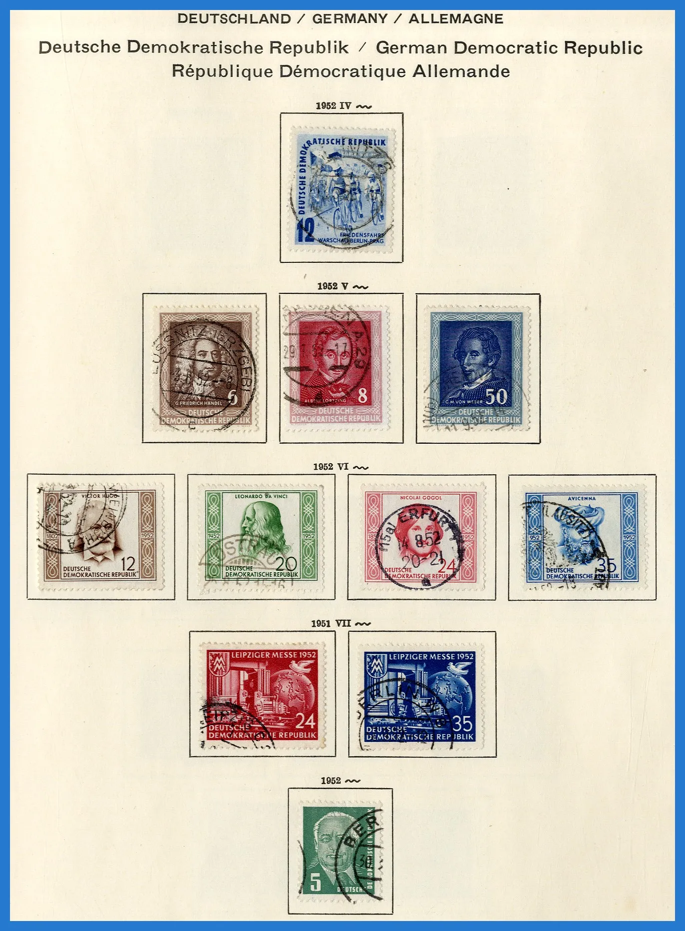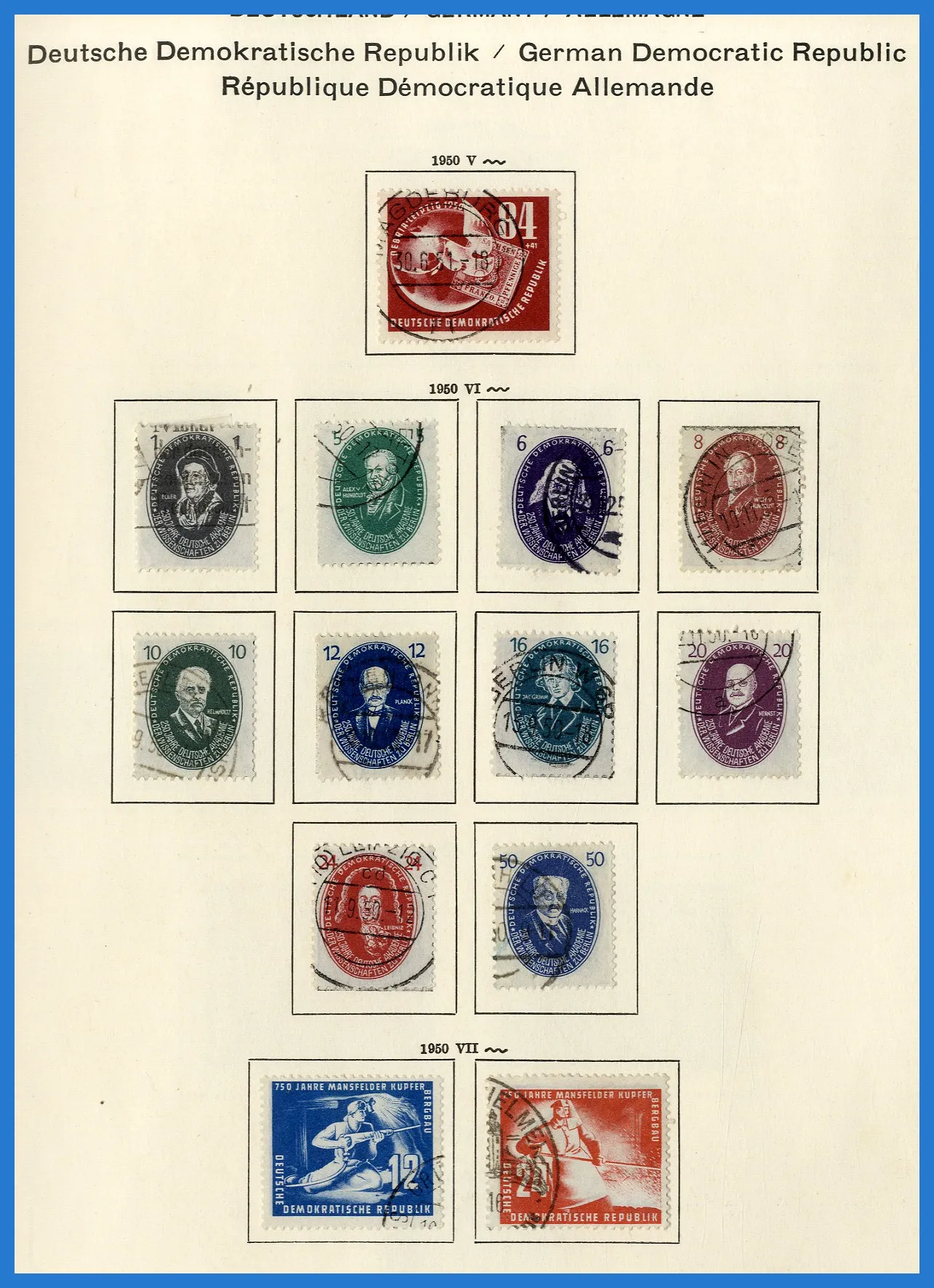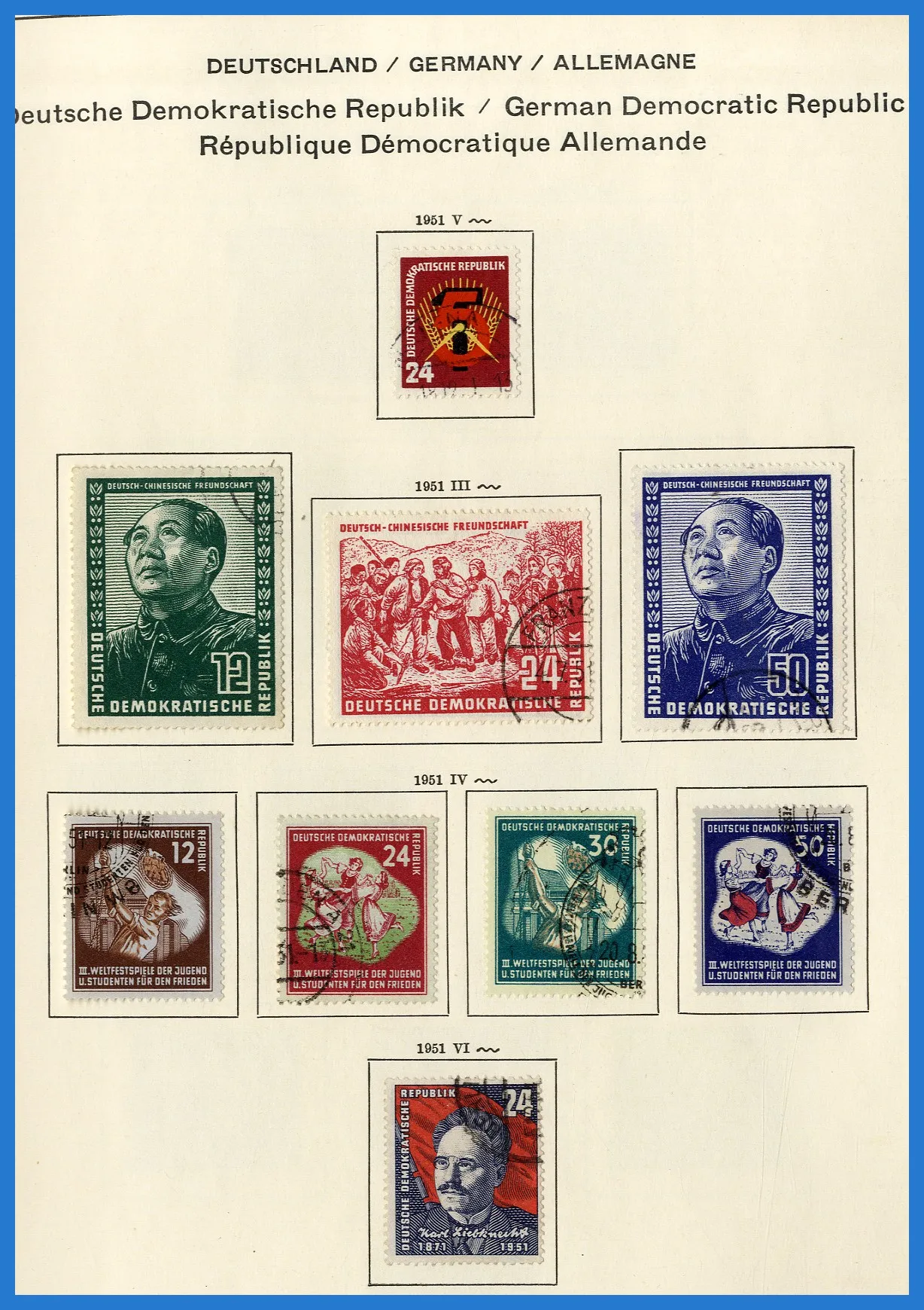 Schaubek-album. Samlingen inleds med lite ockupationsutgåvor (Sovjetiska zonen etc.), varpå följer en i det närmaste komplett samling DDR fram till 1980. Dock inga block och nästan inga tjänstefrimärken.
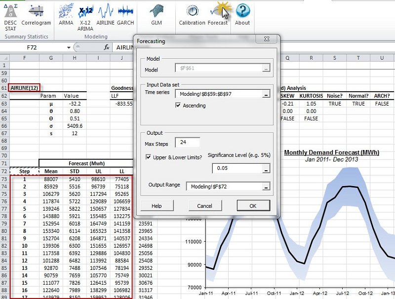 - Dự báo: Với NumXL, bạn có thể dễ dàng tạo dự báo dựa trên dữ liệu lịch sử. Nó cung cấp các phương pháp dự báo khác nhau, chẳng hạn như ARIMA, làm mịn hàm mũ và hồi quy, để giúp bạn dự đoán chính xác các giá trị trong tương lai.
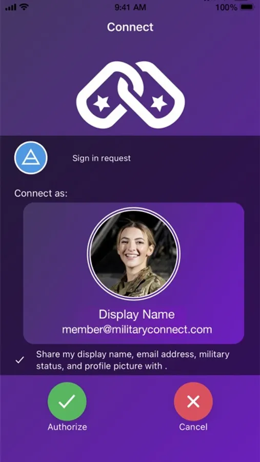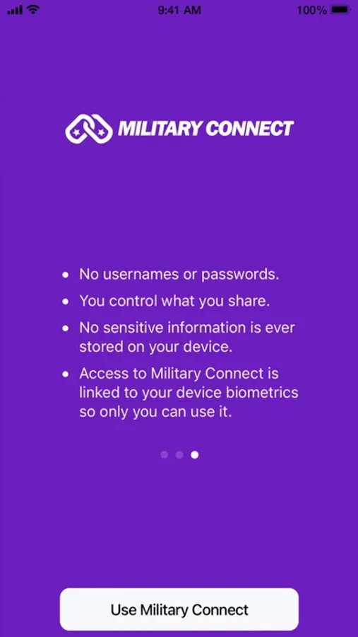Military Connect is powered by the world's most secure personal identity authentication system. Military Connect protects your privacy, prevents fraud and identity theft, and eliminates all of the hassles around proving your identity. Multi-Party Authentication technology eliminates passwords and guarantees your security and privacy. Your personal identity information is never shared with anyone without your direct consent, putting you in control of your own data.
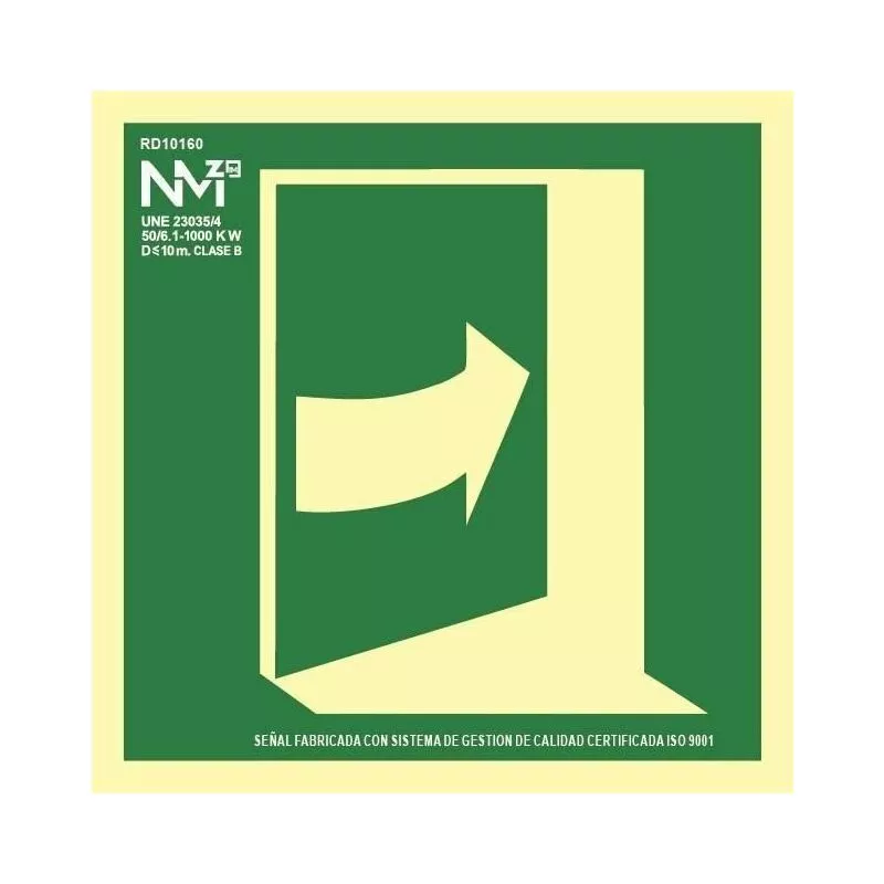 Señal Puerta Evacuacion Derecha Clase: B (PVC 0'7 mm) Medidas: 224X224

====

_Assignment_. An exact copy of the listing is required, excluding any pictures.

_Result of this exercise_.
 Schaubek-album. Samlingen inleds med lite ockupationsutgåvor (Sovjetiska zonen etc.), varpå följer en i det närmaste komplett samling DDR fram till 1980. Dock inga block och nästan inga tjänstefrimärken.
 - Dự báo: Với NumXL, bạn có thể dễ dàng tạo dự báo dựa trên dữ liệu lịch sử. Nó cung cấp các phương pháp dự báo khác nhau, chẳng hạn như ARIMA, làm mịn hàm mũ và hồi quy, để giúp bạn dự đoán chính xác các giá trị trong tương lai.
Military Connect is powered by the world's most secure personal identity authentication system. Military Connect protects your privacy, prevents fraud and identity theft, and eliminates all of the hassles around proving your identity. Multi-Party Authentication technology eliminates passwords and guarantees your security and privacy. Your personal identity information is never shared with anyone without your direct consent, putting you in control of your own data.
 Señal Puerta Evacuacion Derecha Clase: B (PVC 0'7 mm) Medidas: 224X224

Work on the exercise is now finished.